:: Recorded information ::
──────────────────────────────

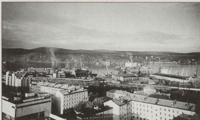
Sicht auf die Kolskij-Bucht, die Basis für nuklearangetriebene Eisbrecher. In der Mitte der helle Eisbrecher «Lenin».
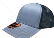
JASPE CLARO NEGRO/127
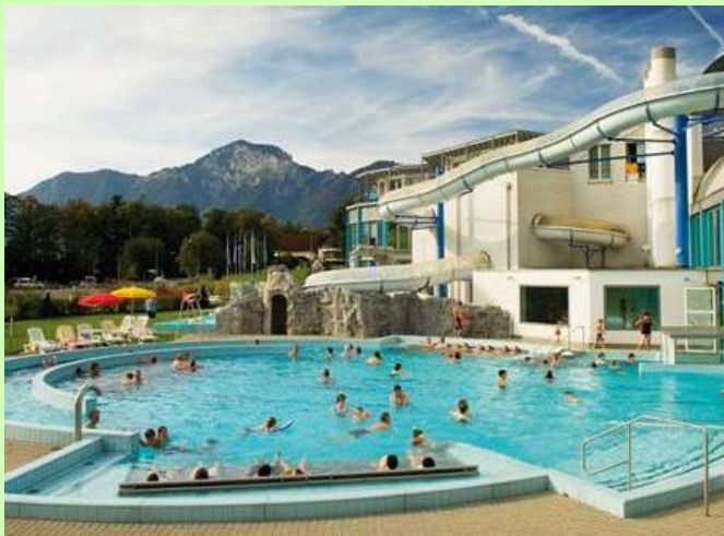
Swiss Holiday Park, Morschach
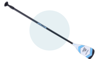
Pagaie 3 sections

──────────────────────────────

:: What to work on ::
Set down all of the material word for word, minus its pictures.

:: Output of the exercise ::
Sicht auf die Kolskij-Bucht, die Basis für nuklearangetriebene Eisbrecher. In der Mitte der helle Eisbrecher «Lenin».
JASPE CLARO NEGRO/127
Swiss Holiday Park, Morschach
Pagaie 3 sections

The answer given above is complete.